Nearly two centuries and a half have made wonderful changes in ocean travel. The floating palaces of to-day which plough the deep on schedule time, regardless of storms, contrary winds and adverse tides, were unknown when John Stevens embarked for England in 1654.

The vessel in which he sailed was one of the best of the time. It was large, well manned and officered, and few had any fears of risking a voyage in the stanch craft Silverwing; but John Stevens could no more allay his fears than control the storm.

His wife, who stood weeping on the strand, became a speck in the distance and then disappeared from his view. The heart of the husband overflowed with bitterness, and he turned from the taffrail where he had been standing and walked forward to conceal his emotion.

All about him were gay groups of people, laughing and jesting. They were mostly men and women who had come from England and were happy now that they were going home. John's wife seemed to have lost her many faults, and the image that faded from his gaze was a creature of perfection. Only the beautiful face, the great dark eyes and the sunny smiles were remembered.

John went to his stateroom and, falling into his berth, wept. He may be called weak, but he was not. John had braved too many dangers and undergone too many hardships to be termed weak. His mind was filled with his wife and children. The face of his sleeping baby, whose warm, tender arms had been so often entwined about his neck, lingered in his mind. When the dinner hour came he was not hungry, so he remained in his cabin.

The vessel had gained the open sea by nightfall and was bowling along at a three-knot rate under full spread of canvas and fair wind. He went to supper, though little inclined to eat, and during the night was awakened with a load heavier than grindstones on his stomach.

"Surely I will die," he groaned, as each heaving billow seemed to torture his poor stomach. He rose at dawn and found himself unable to stand. The sea was rough, and the ship was tossing and reeling like a drunken man. John found himself unable to lie down or sit up. He spent the day in rolling alternately in his berth or on the floor, groaning, "Surely I will die."

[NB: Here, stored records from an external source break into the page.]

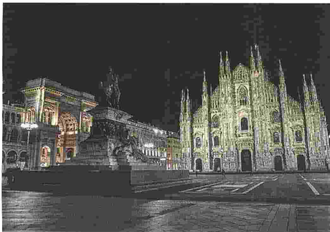
10 marzo 2020 Prima sera del lockdown nazionale: piazza Duomo, a Milano, è deserta
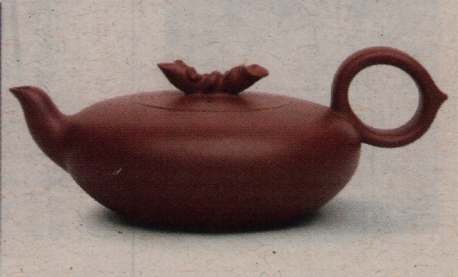
范泽锋作品“团结壶”
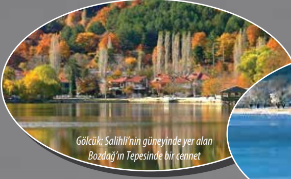
Gölcük: Salihli'nin güneyinde yer alan Bozdağ'ın Tepesinde bir cennet
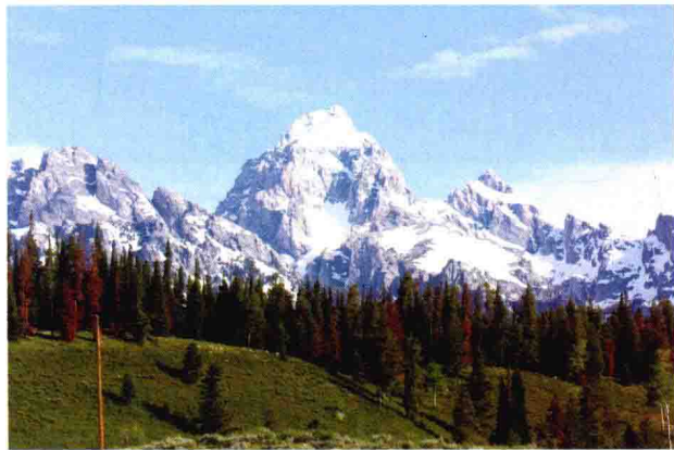
图 1-4 “风景”同义或近义

“景观”一词最早在文献中出现是在希伯来文本的《圣经》(the Book Psalms)中，用于对圣城耶路撒冷总体美景(包括所罗门寺庙、城堡、宫殿在内)的描述。“景观”的英文为 landscape，德语为 Landschaft，法语为 paysage。在中文文献中最早景观一词没有确切的出处考证。无论东方文化还是西方文化，“景观”最早的含义更多具有视觉、美学方面的意义，即与“风景”(scenery)同义或近义(图 1-4)。文学艺术界以及绝大多数的园林风景学者所理解的景观也主要是这一层含义。
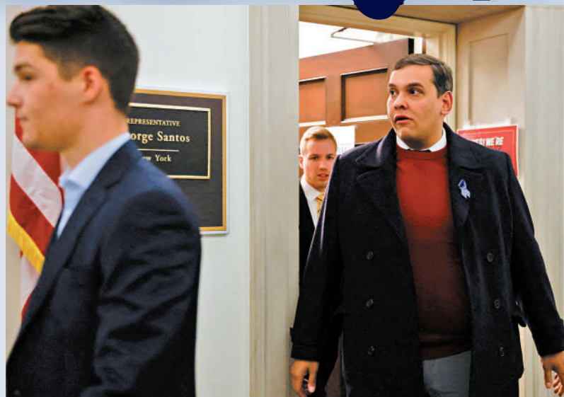
▲桑托斯1日前往國會眾議院。

【大公報訊】綜合CNN、《紐約時報》報道：美國眾議院於當地時間1日投票，以179票支持、213票反對的結果，否決驅逐紐約州眾議員桑托斯的動議。桑托斯現面臨23項聯邦刑事指控，包括電信詐騙、洗錢、盜取公共資金、虛假陳述等，但他仍然保住了烏紗帽。共和黨和民主黨都出於各自的盤算，最終投票將如此劣跡斑斑的議員留在眾議院。評論指，這再度凸顯美式民主的荒唐可笑。
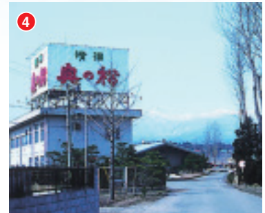
④ 奥の松酒造(株) 代表銘柄：純米大吟醸 大自然の豊かな恵みと卓越していた 技が酒造りの新しい歴史を刻む。 二本松市長命 69 TEL0243-22-2153
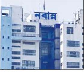
प्रायोजित योजनाओं के क्रियान्वयन तथा नई सरकार द्वारा शुरू की गई विभिन्न परियोजनाओं को शीघ्र मंजूरी

कोलकाता : राज्य में विकास परियोजनाओं, जनकल्याणकारी योजनाओं और प्रशासनिक कार्यों को तेज गति से आगे बढ़ाने के उद्देश्य से राज्य सरकार ने विभिन्न विभागों, पंचायत संस्थाओं तथा विकास परिषदों की वित्तीय शक्तियों में महत्वपूर्ण बढ़ोतरी करने का निर्णय लिया है। इस संबंध में वित्त विभाग द्वारा अधिसूचना जारी कर दी गई है। सरकारी सूत्रों के अनुसार, केंद्र
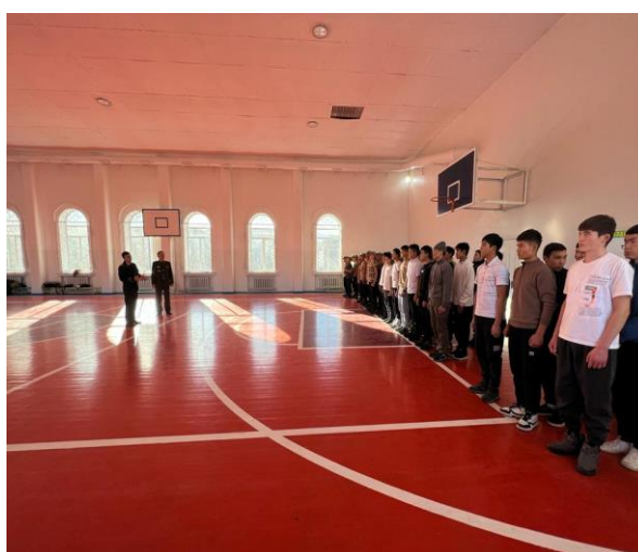
1-курстар арасында аскерге чейинки даярдык сабагында өтүлгөн жарыш
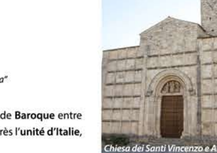
Chiesa dei Santi Vincenzo e Anastasio

La beauté et le nombre d'édifices et de chef-d'œuvres réalisés pendant la période Baroque entre 1600 et 1700, rendent la ville très intéressante. Devenue chef-lieu de Province après l' unité d'Italie , Ascoli a produit des nouvelles œuvres dans le goût éclectique de l'époque.

The purser came and laughed at his distress, assuring him that he would survive. Next day he felt better and crawled out upon the deck. The sea still ran high, though the sky was clear, and the sun shone on the wildly agitated sea.

He saw a wretch as miserable as himself crouching under a hencoop and holding both hands upon his tortured stomach. John Stevens paused for a moment at the rail, gasping with seasickness.

"Say, neighbor, are you having a hard time?" asked the seasick but cheerful individual under the hencoop.

"My head hurts," John gasped.

"Verily, I ache all over," returned the new acquaintance under the hencoop.

At this moment the cabin door was thrown suddenly and unceremoniously open, and a man past middle age darted forward as if he had been shot out of a cannon and went sprawling upon the deck, howling as he did so:

"Good morrow, stranger!"

John was not astonished at the sudden appearance of the man, but was rather alarmed at the violence of his fall. He ran to him and assisted him to rise.

"Are you injured?" he asked.

"Nay, nay; the fall was not violent."

The man under the hencoop, who had been a disinterested spectator, took occasion to remark:

"Marry! my friend, I wish it were I who had taken such a tumble; surely it would have crushed the stones in my stomach."

"I am not sick," the new-comer answered, rising to his feet. "I was thrown by the sudden lurch of the ship; but it will soon be over."

"I trust so," groaned the seasick man by the hencoop.

"But the sea runs high," the old man said, "let us go in."

John Stevens, who had partially recovered from his seasickness, went into the cabin with the stranger. He had formed no acquaintances since coming on board the vessel and was strangely impressed with this old gentleman. Men cannot always brood on the past and retain their senses. John Stevens was not a coward, yet the helpless condition of his wife and children made him dread danger. When they were seated he said:

"You do not belong at Jamestown."

"No. I am from London and know no one at Jamestown."

"You came in the last ship?"

"We did."

"You did not come alone?"

"No; my daughter Blanche came with me. She is all the child I have."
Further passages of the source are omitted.